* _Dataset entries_
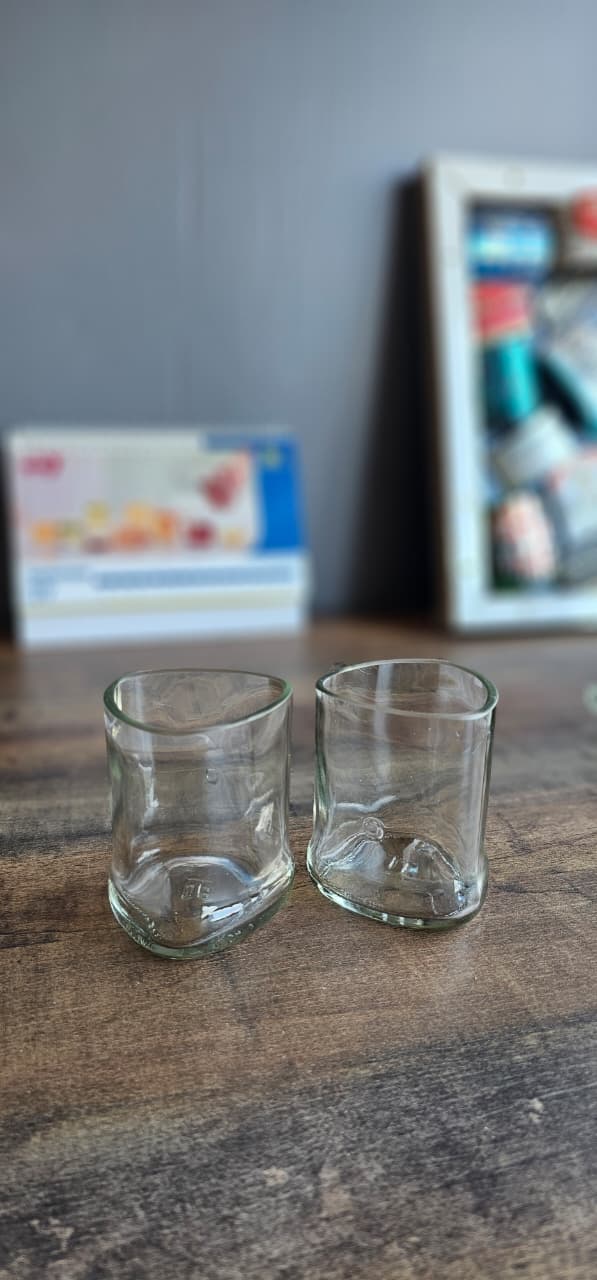 Unique drinking glass with a heat-slumped melted base design. Artistic upcycled glassware. (Minimum order: 3 pieces)
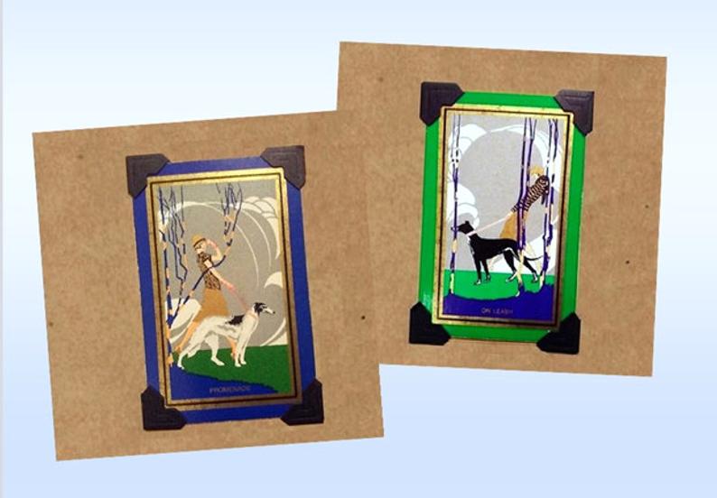 Item: “Art Deco Dog-Walkers Blank Note/Birthday Card Set” – 6 Cards. Our sets of uniquely upcycled greeting cards give you 3X the fun of ordinary greeting cards! Use them as blank notes to keep in touch with friends anytime, or add a peel-and-stick greeting to celebrate a birthday! After the birthday, the vintage playing card on the front makes a great embellishment for scrapbooking and crafts. These handsome Art Deco style cards feature elegantly dressed women walking their borzoi and whippet. Kraft paper cards measure 5” x 5” and come with kraft paper envelopes. Item © Peel-and-Stick Greetings Copyright 2019. LoyaltyOfDogs.com. All Rights Reserved.
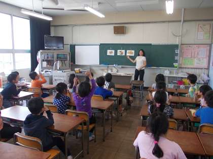 英語活動スタート♪ その2 4月26日(火)の2年生 公開日 2016/04/26 更新日 2016/04/26 2年 そのあとALTの先生の出身地や好きな食べ物などについて、クイズを交えて楽しく教えてもらうことができました。
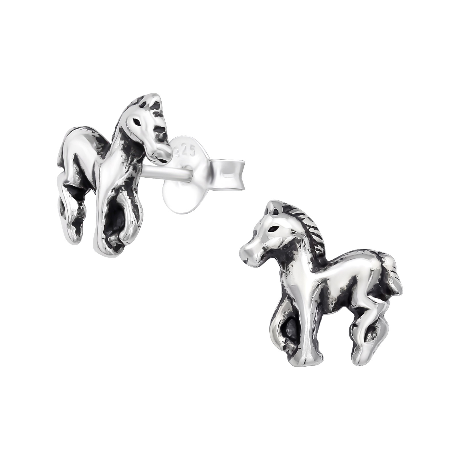 Strieborné puzetové náušnice pre deti - Kone
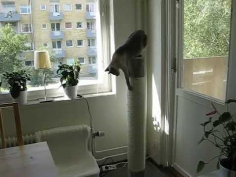 Jag köpte en extra djup hängmatta till katterna på utställningen i Frölunda. Gabriel undersöker den noga. Den ena plattan fick monteras...
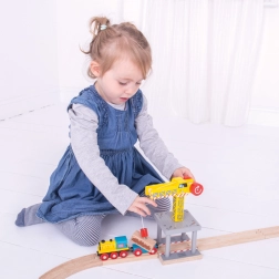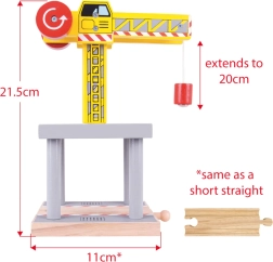 La grue peut facilement être combinée avec d'autres circuits de train en bois disponibles sur le marché, ce qui en fait un jouet universel.
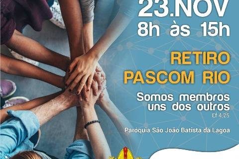 Veja maisContinuam abertas as inscrições para o retiro da Pascom Rio, no sábado, dia 23, das 8h às 15h. Com o tema “Somos membros uns dos outros”, o retiro vai ser na Paróquia São João Batista da Lagoa, em Botafogo. As inscrições estão sendo feitas no facebook e instagram da Pascom Rio.
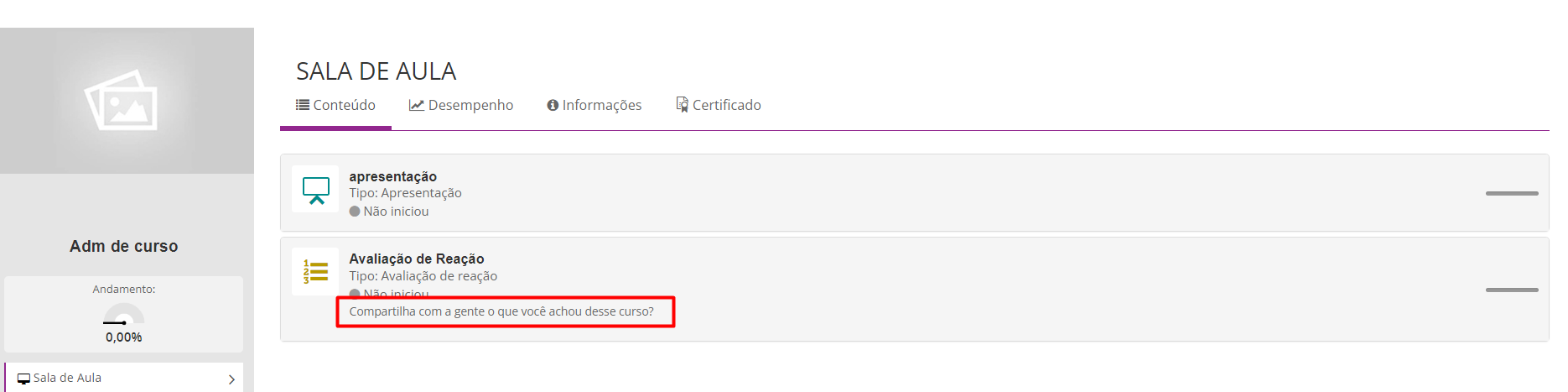 Por padrão, é possível adicionar somente uma avaliação de reação por curso. Caso você precise utilizar mais de uma, você deve entrar em contato com o Suporte para habilitar esta função no seu configurador geral.

* _What you need to do_
Without the pictures, retype all of the data above exactly.

* _Output of the exercise_
 Unique drinking glass with a heat-slumped melted base design. Artistic upcycled glassware. (Minimum order: 3 pieces)
 Item: “Art Deco Dog-Walkers Blank Note/Birthday Card Set” – 6 Cards. Our sets of uniquely upcycled greeting cards give you 3X the fun of ordinary greeting cards! Use them as blank notes to keep in touch with friends anytime, or add a peel-and-stick greeting to celebrate a birthday! After the birthday, the vintage playing card on the front makes a great embellishment for scrapbooking and crafts. These handsome Art Deco style cards feature elegantly dressed women walking their borzoi and whippet. Kraft paper cards measure 5” x 5” and come with kraft paper envelopes. Item © Peel-and-Stick Greetings Copyright 2019. LoyaltyOfDogs.com. All Rights Reserved.
 英語活動スタート♪ その2 4月26日(火)の2年生 公開日 2016/04/26 更新日 2016/04/26 2年 そのあとALTの先生の出身地や好きな食べ物などについて、クイズを交えて楽しく教えてもらうことができました。
 Strieborné puzetové náušnice pre deti - Kone
 Jag köpte en extra djup hängmatta till katterna på utställningen i Frölunda. Gabriel undersöker den noga. Den ena plattan fick monteras...
 La grue peut facilement être combinée avec d'autres circuits de train en bois disponibles sur le marché, ce qui en fait un jouet universel.
 Veja maisContinuam abertas as inscrições para o retiro da Pascom Rio, no sábado, dia 23, das 8h às 15h. Com o tema “Somos membros uns dos outros”, o retiro vai ser na Paróquia São João Batista da Lagoa, em Botafogo. As inscrições estão sendo feitas no facebook e instagram da Pascom Rio.
 Por padrão, é possível adicionar somente uma avaliação de reação por curso. Caso você precise utilizar mais de uma, você deve entrar em contato com o Suporte para habilitar esta função no seu configurador geral.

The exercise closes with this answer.